=== Begin Enclosure ===

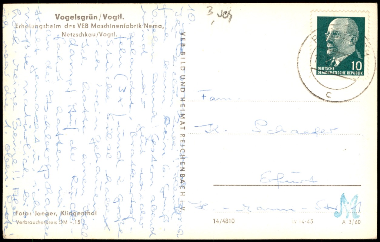 Foto Karte: Erholungsheim des VEB Maschinenfabrik Nema Netzschkau - Vogelsgrün-Auerbach (Vogtland)
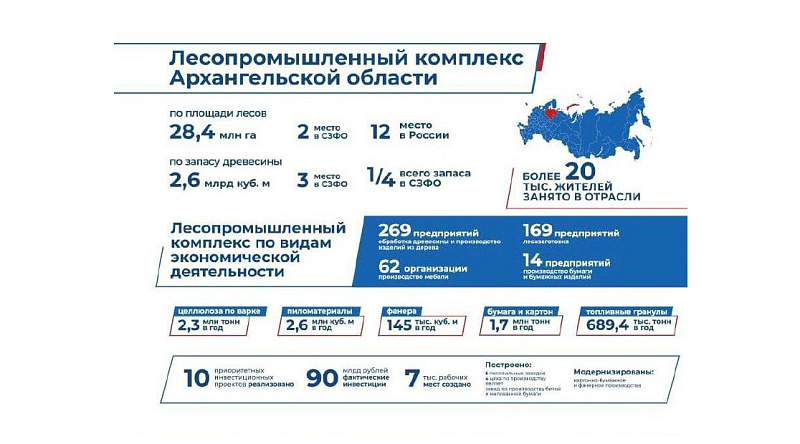 В настоящее время предприятия лесопромышленного комплекса Поморья формируют свыше 15% валового регионального продукта, а также порядка 10% налоговых доходов в консолидированный бюджет Архангельской области. В отрасли занято порядка 20 тысяч человек.
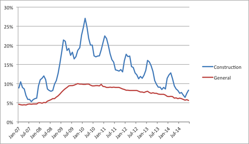 Construction unemployment last year was at its lowest level in nearly seven years. At 8.9 percent, 2014 was the first time annual construction unemployment was below 10 percent since 2007, according to data collected by the Bureau of Labor Statistics.
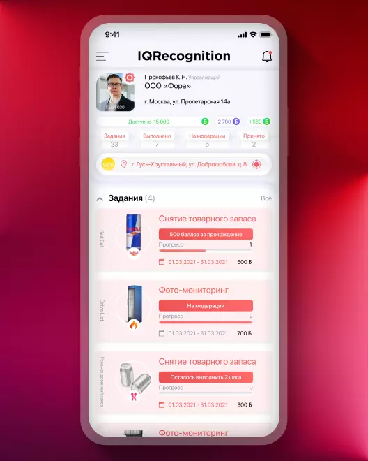 Photos/videos of shelves with products taken by employees are processed by the system for compliance with the specified parameters and to exclude forgery.
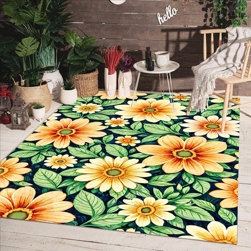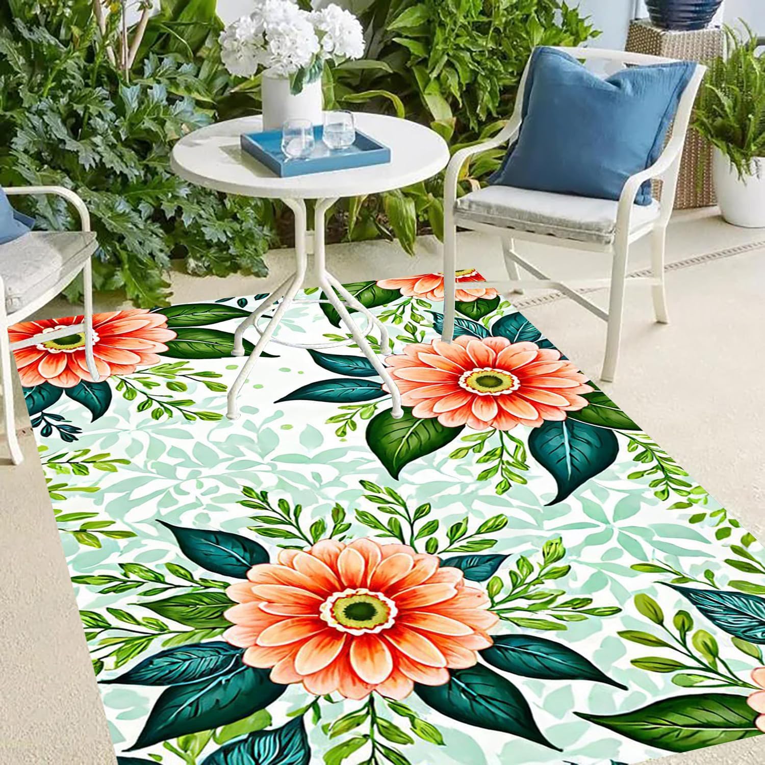 Vibrant Colorful Spring Summer Fall Winter Floral Pattern Waterproof No Slip Outdoor Area Rug for Patio Deck Porch Balcony Backyard,Modern Art Decor Machine Washable Home Office Indoor Outdoor Floor Carpet Hallway Entryway Kitchen Laundry Bathroom Livingroom Bedroom Garden Rug.
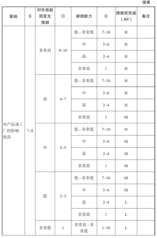 表7-5 PFMEA表格填写
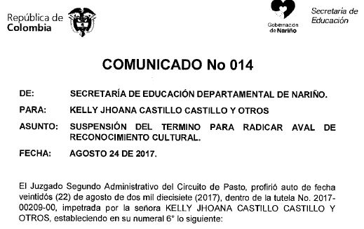 - Comunicado 012, Auto Admisorio y Tutela
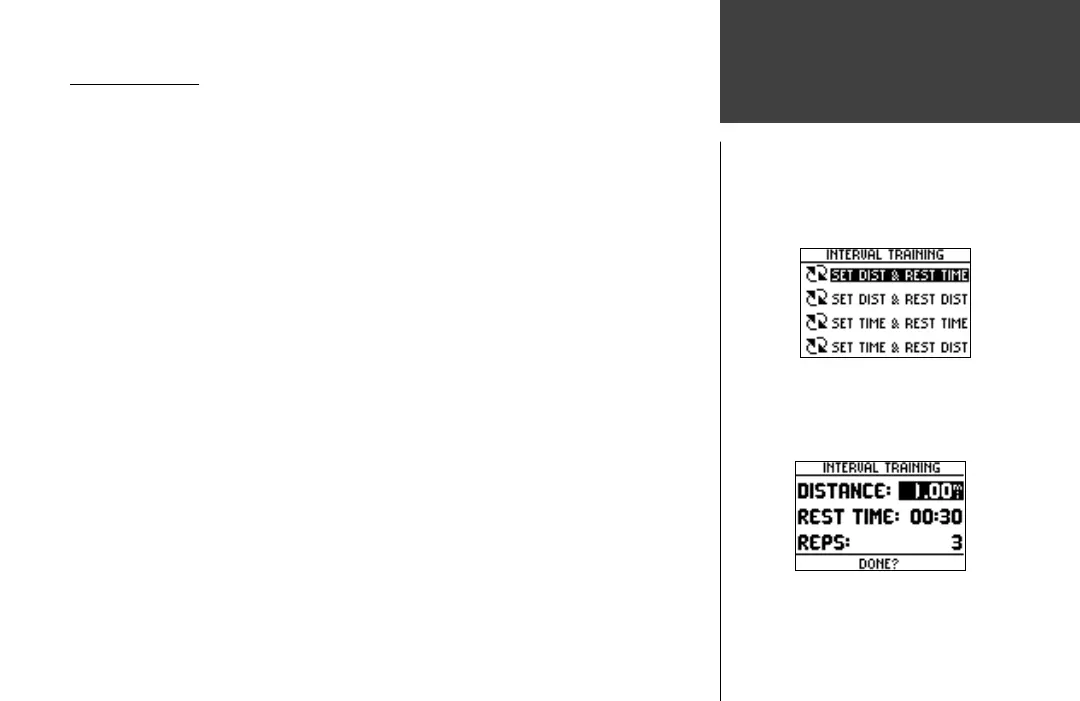 1. From the Training Assistant menu press the DOWN or UP button to highlight ‘INTERVAL
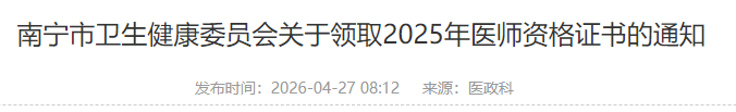 参加2025年医师资格考试且成绩合格的南宁市考点考生,自2026年4月28日起可领取医师资格证书。请相关单位及个人按要求前来办理领取手续,现将领取证书有关事项通知如下:
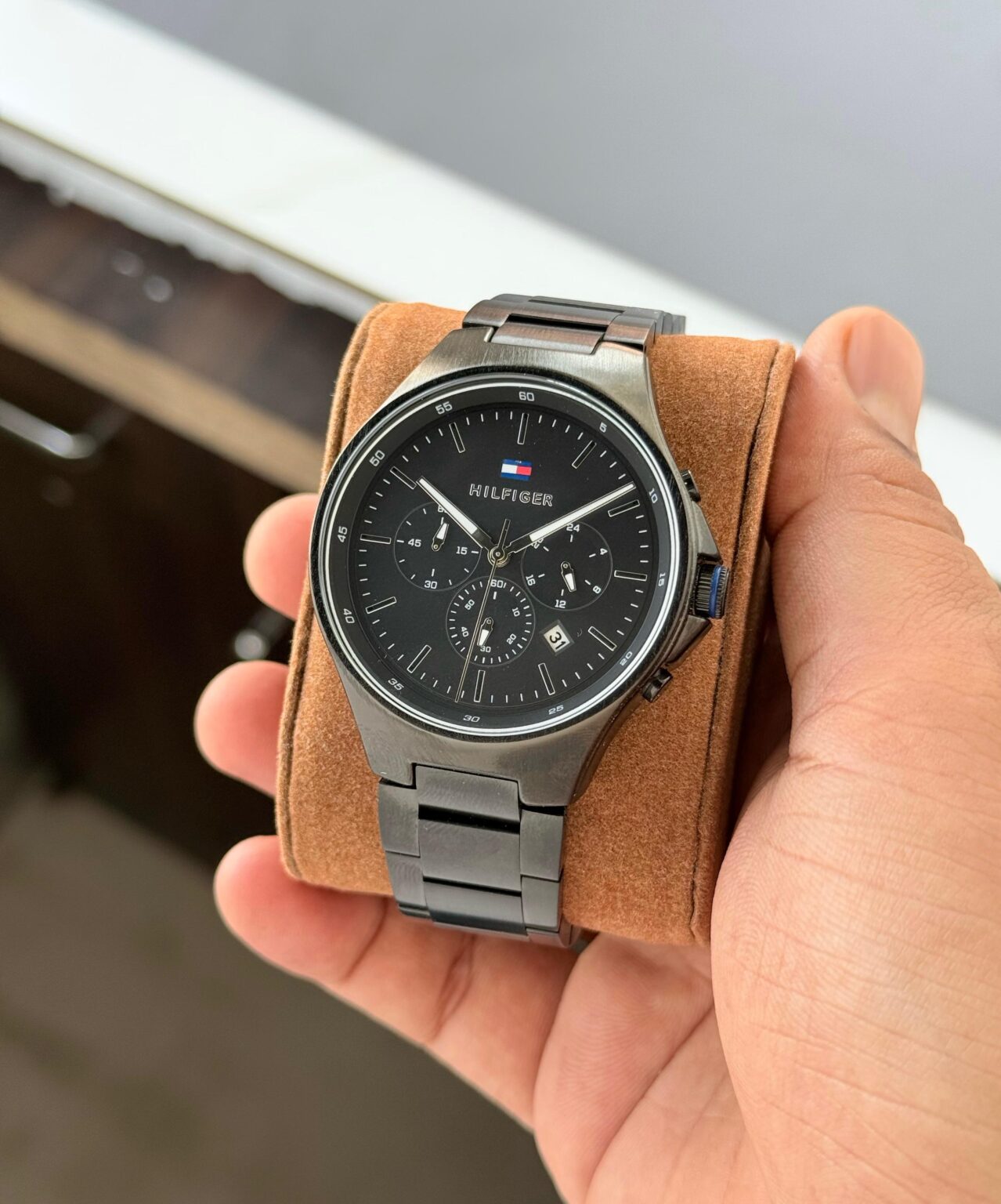 The adjustable black strap provides comfort and versatility, fitting seamlessly into your daily wardrobe. Plus, with a reliable quartz chronograph engine, you can count on precise performance every time you check the hour. Each watch comes packed in the official Tommy Hilfiger brand box, making it perfect for gifting or treating yourself.
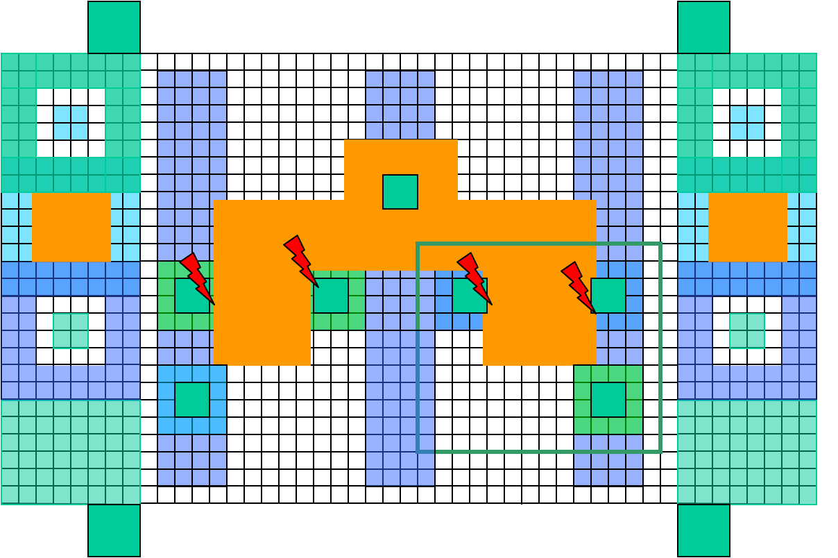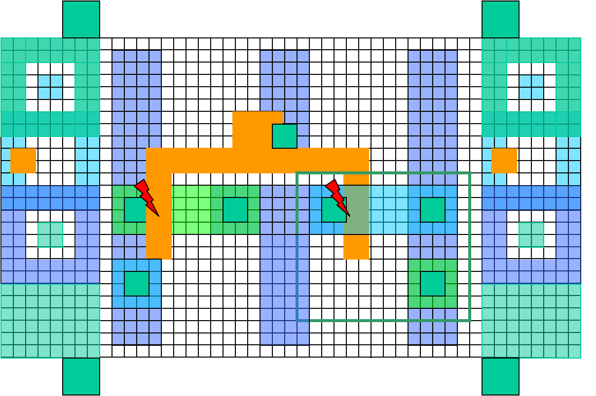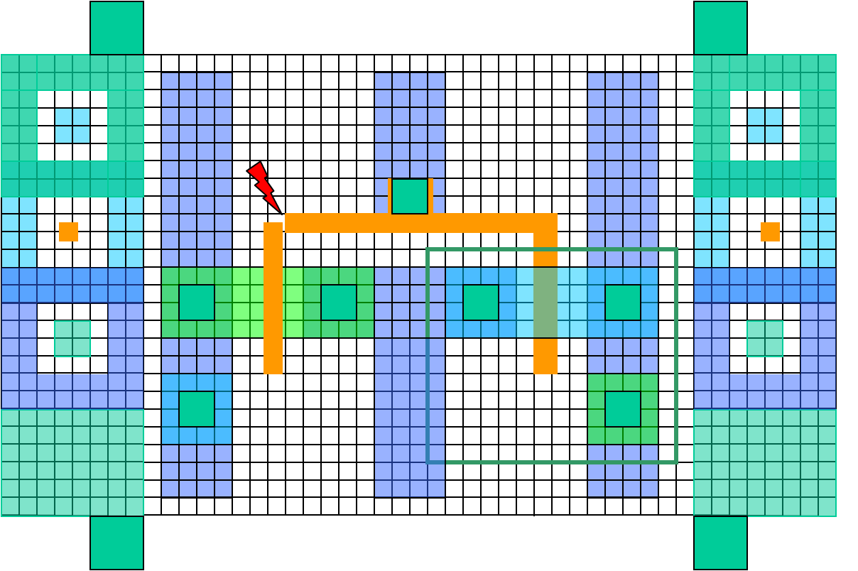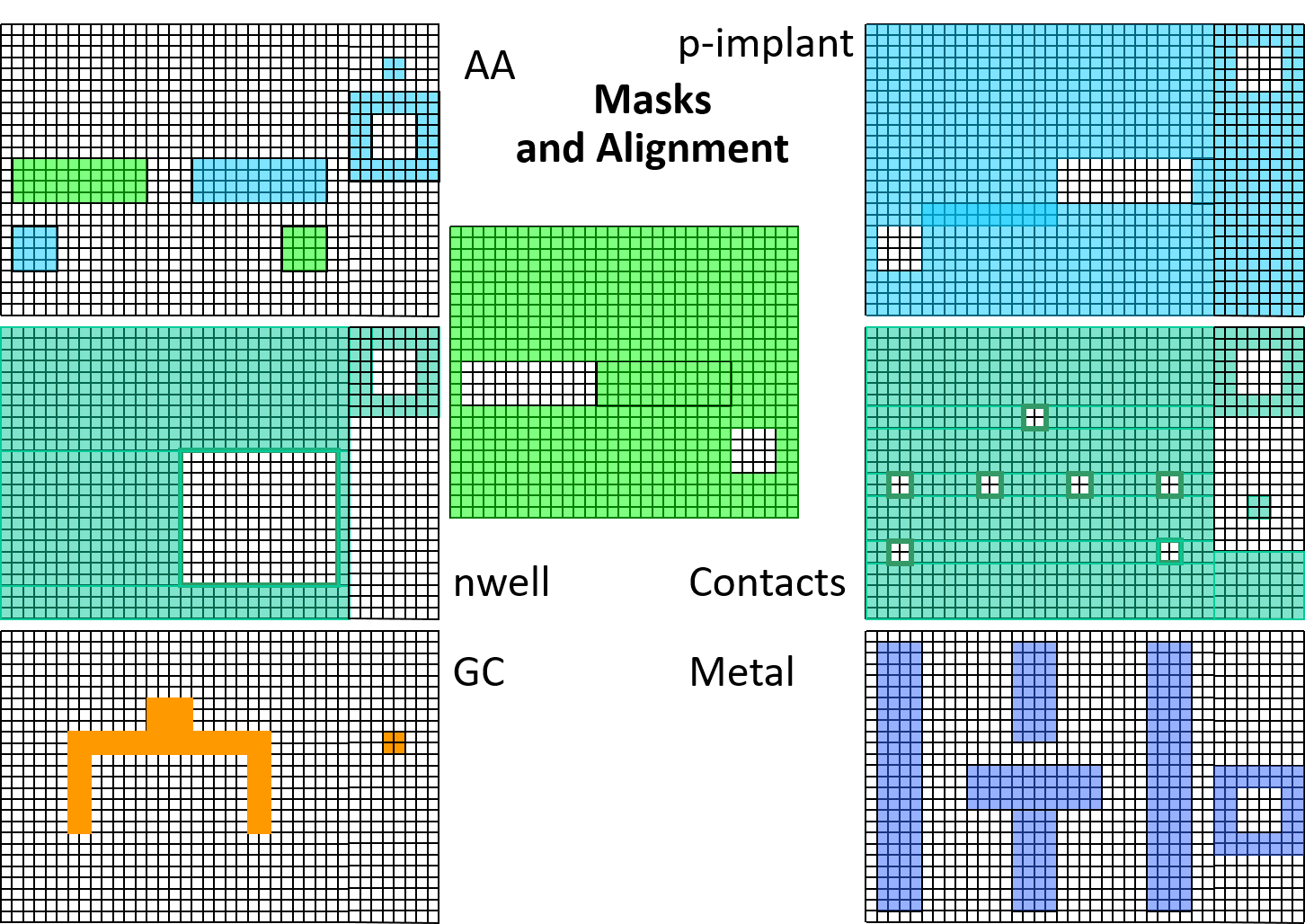 Layers, different color: Connection: metal (blue), polysilicon (orange,pink), contact (black) Transistor: crossing polysilicon and n- or p-diffusion (green) |
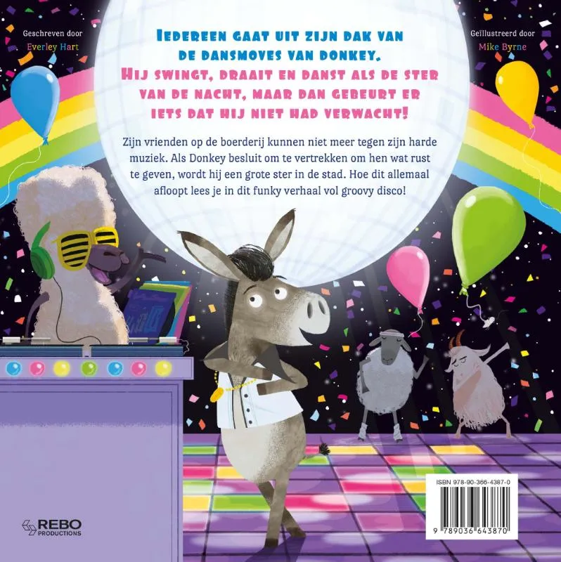 Zijn vrienden op de boerderij kunnen niet meer tegen zijn harde muziek. Als Donkey besluit om te vertrekken om hen wat rust te geven, wordt hij een grote ster in de stad. Hoe dit allemaal afloopt lees je in dit funky verhaal vol groovy disco!
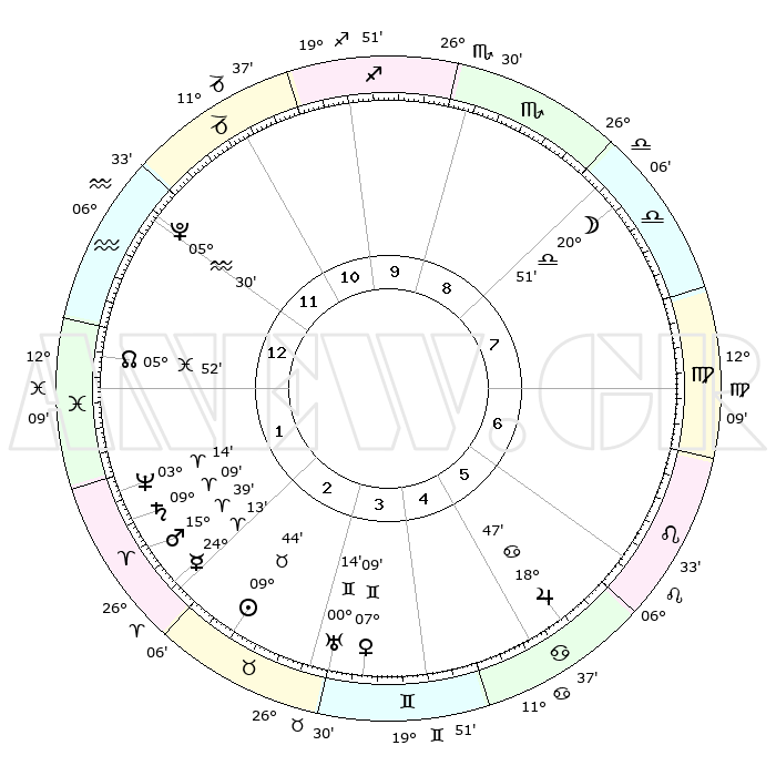| | ΘΕΣΕΙΣ ΠΛΑΝΗΤΩΝ ΑΣΤΡΟΛΟΓΙΚΟΥ ΧΑΡΤΗ ΤΗΣ ΣΤΙΓΜΗΣ ΑΥΤΗΣ | | | | Πλανήτης | Ζώδιο | Μοίρες | Δεκαήμ. | Σε οίκο | Απόκλιση | | Ακμές των οίκων | | Ηλιος | Ταύρος | 09°41' | Πρώτο | 3 | 14 N 43 | | 1ος | 16°14' | Υδροχόος | | Σελήνη | Ζυγός | 20°15' | Τρίτο | 8 | 11 S 07 | | 2ος | 01°59' | Κριός | | Ερμής | Κριός | 24°08' | Τρίτο | 2 | 07 N 28 | | 3ος | 07°27' | Ταύρος | | Αφροδίτη | Δίδυμοι | 07°05' | Πρώτο | 4 | 22 N 20 | | 4ος | 03°26' | Δίδυμοι | | Αρης | Κριός | 15°37' | Δεύτερο | 2 | 05 N 19 | | 5ος | 25°22' | Δίδυμοι | | Δίας | Καρκίνος | 18°47' | Δεύτερο | 6 | 22 N 30 | | 6ος | 17°41' | Καρκίνος | | Κρόνος | Κριός | 09°09' | Πρώτο | 2 | 01 N 38 | | 7ος | 16°14' | Λέων | | Ουρανός | Δίδυμοι | 00°13' | Πρώτο | 3 | 20 N 02 | | 8ος | 01°59' | Ζυγός | | Ποσειδώνας | Κριός | 03°14' | Πρώτο | 2 | 00 N 04 | | 9ος | 07°27' | Σκορπιός | | Πλούτωνας | Υδροχόος | 05°30' | Πρώτο | 12 | 22 S 49 | | 10ος | 03°26' | Τοξότης | | Β. Δεσμός | Ιχθείς | 05°52' | Πρώτο | 1 | 09 S 21 | | 11ος | 25°22' | Τοξότης | | Ωροσκόπος | Υδροχόος | 16°14' | Δεύτερο | | | 12ος | 17°41' | Αιγόκερως | | Μεσουράνημα | Τοξότης | 03°26' | Πρώτο | | | |

=== End Enclosure ===

> [What you need to do]: Above are some records. Output exactly the lines from the one that contains "Layers, different color: Connection: metal" to the one that contains "Zijn vrienden op", keeping both, and omit the pictures.

> [Your response]:
 Layers, different color: Connection: metal (blue), polysilicon (orange,pink), contact (black) Transistor: crossing polysilicon and n- or p-diffusion (green) |
 Zijn vrienden op de boerderij kunnen niet meer tegen zijn harde muziek. Als Donkey besluit om te vertrekken om hen wat rust te geven, wordt hij een grote ster in de stad. Hoe dit allemaal afloopt lees je in dit funky verhaal vol groovy disco!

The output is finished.